** EXERCISE DIRECTIONS **
Each entry below is to be given again word for word, with no pictures.

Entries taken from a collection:
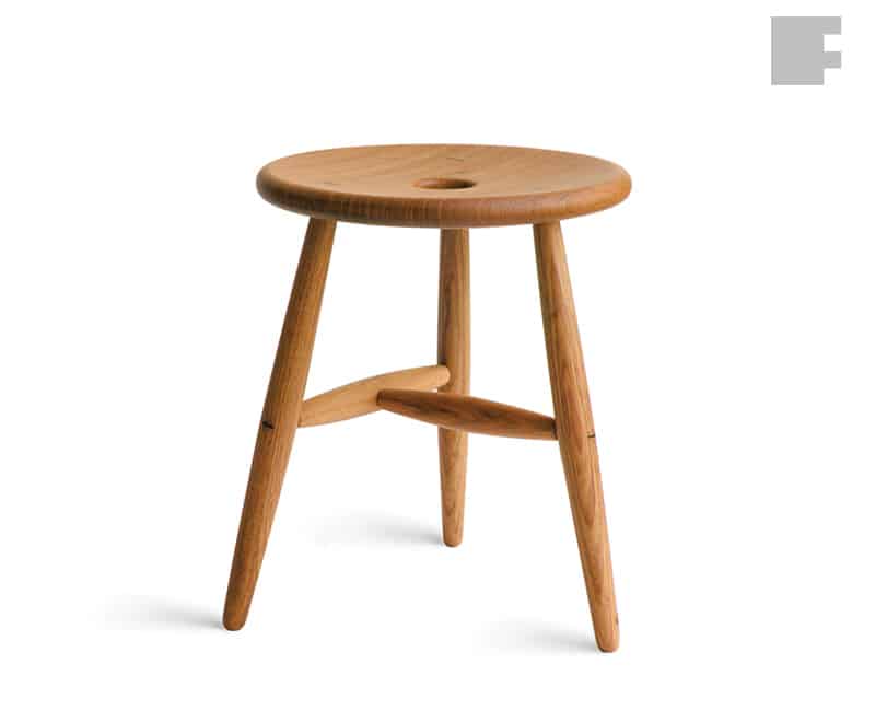 Banco simples e leve construído somente com peças torneadas: assento, três pés e duas travessas.
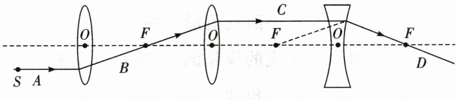 6. 如图所示,前后两块相邻透镜的焦点恰好重合,从光源$S$点向右发出一条与主光轴平行的光线,先后经$2$个凸透镜折射和一个凹透镜折射,在$A$、$B$、$C$、$D$四段光线中,其中描绘错误的是(
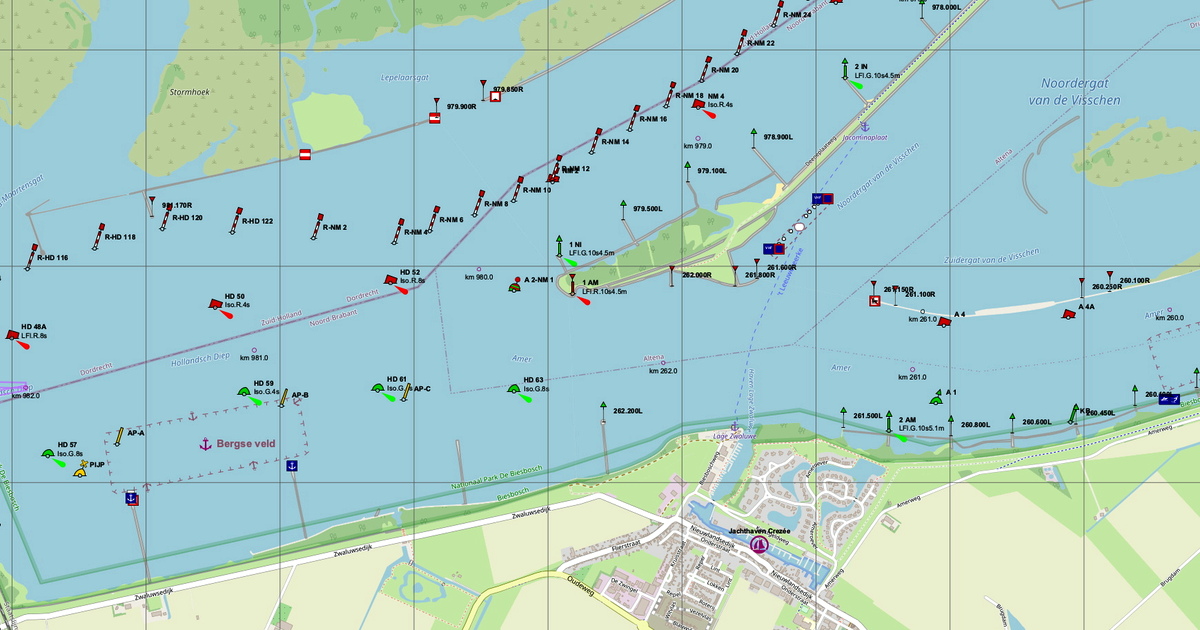 Waterkaart tonende laterale bebakening, aanvullende bakens, kribbakens enz.
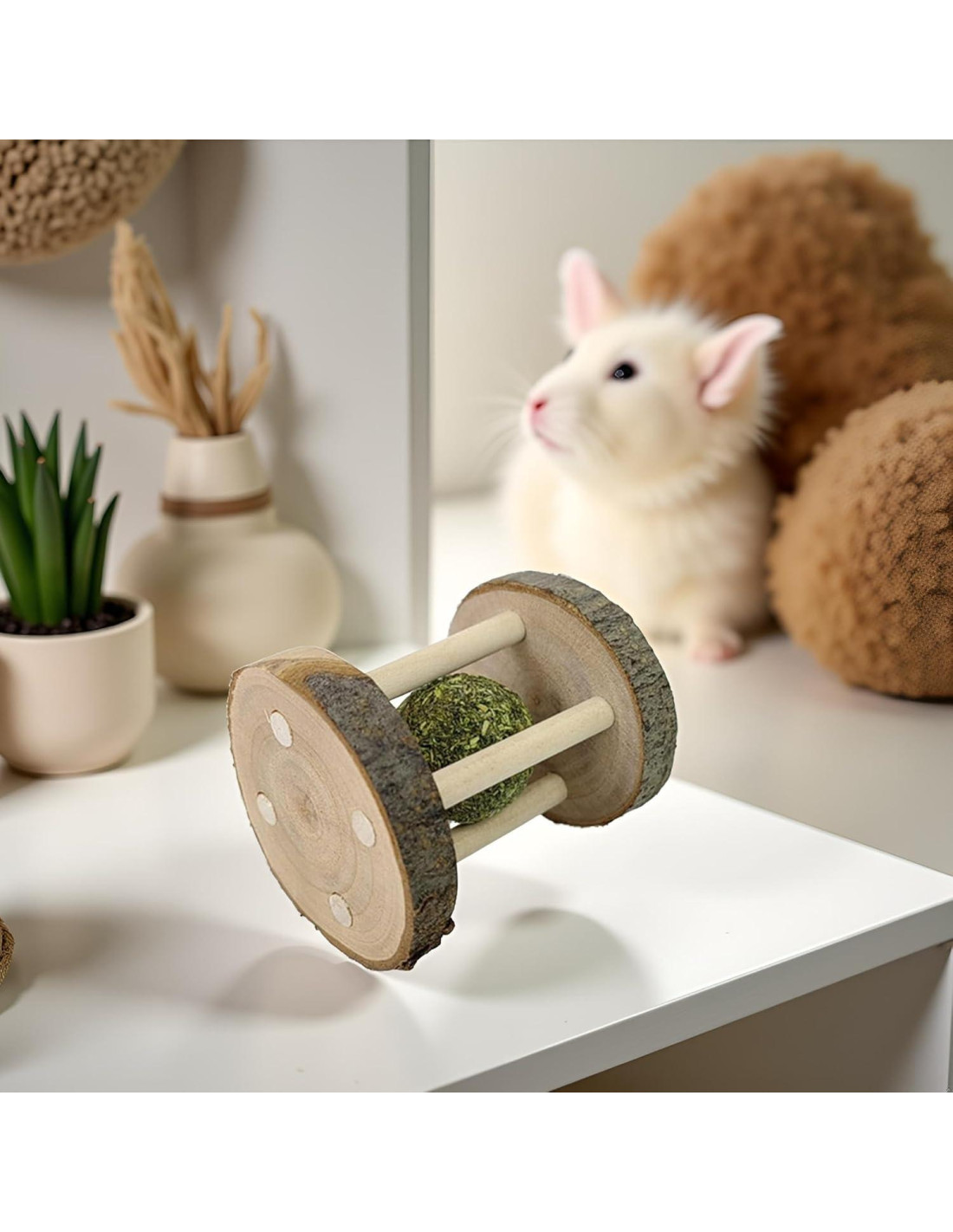 - JUGUETE PARA MASCOTAS VERSÁTIL: Juguete masticable de madera natural diseñado para múltiples mascotas pequeñas incluyendo hámsters, conejos, chinchillas, cobayas y otros animales pequeños
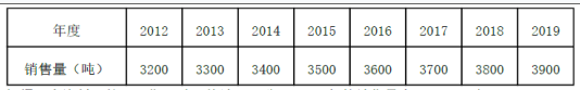 问题 某公司 2012~ 2019年的产品销售量资料如下表: 根据以上资料,按照 3期移动平均法预测公司 2020年的销售量为(  )吨。
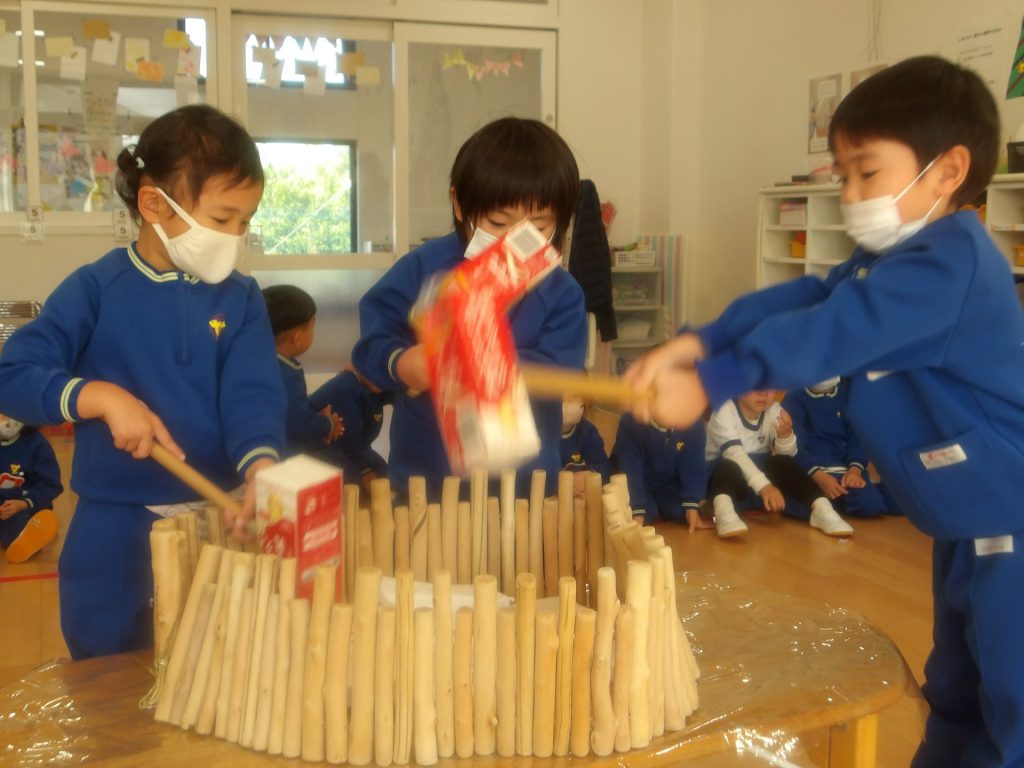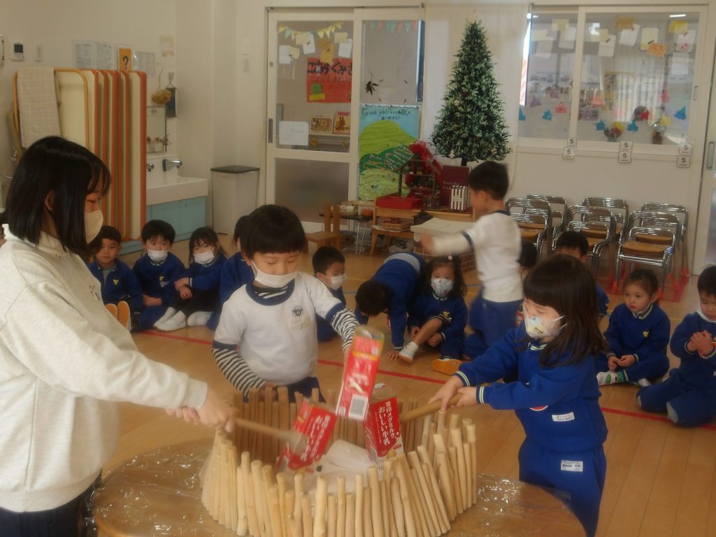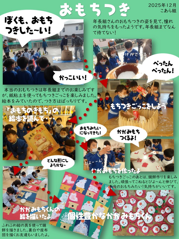 12月はクリスマス一色!とおもいきや、今はかがみもちに夢中のこあら組です。
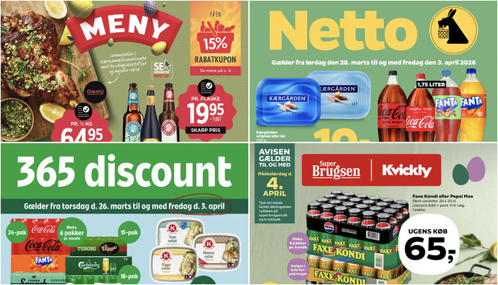 Hos Coop365 kan du få forskellige pakker med drikkevarer til kun 59 kr. pr. pakke. Begrænsning på 6 pakker pr. kunde. Tilbuddet gælder fra torsdag d. 26. marts til fredag d. 3. april.
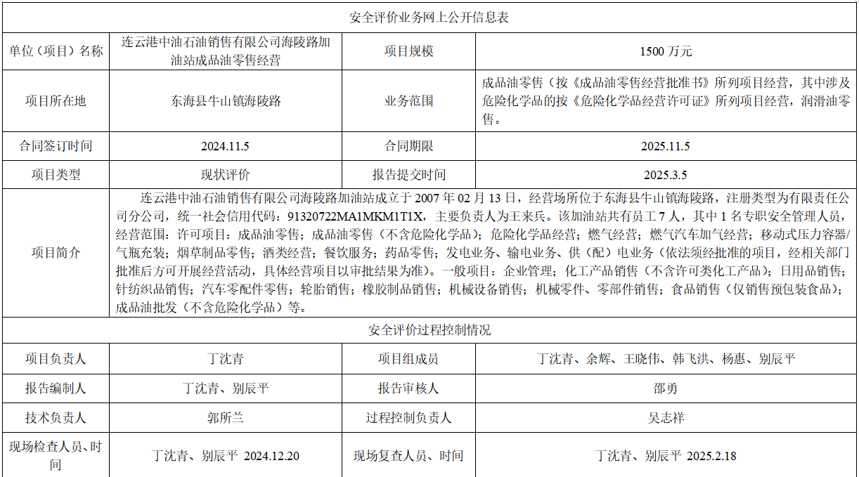 连云港中油石油销售有限公司海陵路加油站成品油零售经营项目安全评价报告
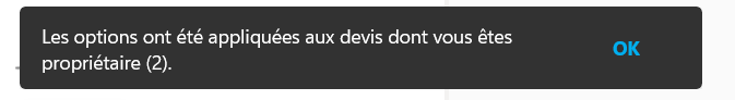 Étape 3 : Cliquez sur le bouton radio Appliquer ces totaux à tous les devis. Cliquer ensuite sur Appliquer.

** TASK ANSWER **
 Banco simples e leve construído somente com peças torneadas: assento, três pés e duas travessas.
 6. 如图所示,前后两块相邻透镜的焦点恰好重合,从光源$S$点向右发出一条与主光轴平行的光线,先后经$2$个凸透镜折射和一个凹透镜折射,在$A$、$B$、$C$、$D$四段光线中,其中描绘错误的是(
 Waterkaart tonende laterale bebakening, aanvullende bakens, kribbakens enz.
 - JUGUETE PARA MASCOTAS VERSÁTIL: Juguete masticable de madera natural diseñado para múltiples mascotas pequeñas incluyendo hámsters, conejos, chinchillas, cobayas y otros animales pequeños
 问题 某公司 2012~ 2019年的产品销售量资料如下表: 根据以上资料,按照 3期移动平均法预测公司 2020年的销售量为(  )吨。
 12月はクリスマス一色!とおもいきや、今はかがみもちに夢中のこあら組です。
 Hos Coop365 kan du få forskellige pakker med drikkevarer til kun 59 kr. pr. pakke. Begrænsning på 6 pakker pr. kunde. Tilbuddet gælder fra torsdag d. 26. marts til fredag d. 3. april.
 连云港中油石油销售有限公司海陵路加油站成品油零售经营项目安全评价报告
 Étape 3 : Cliquez sur le bouton radio Appliquer ces totaux à tous les devis. Cliquer ensuite sur Appliquer.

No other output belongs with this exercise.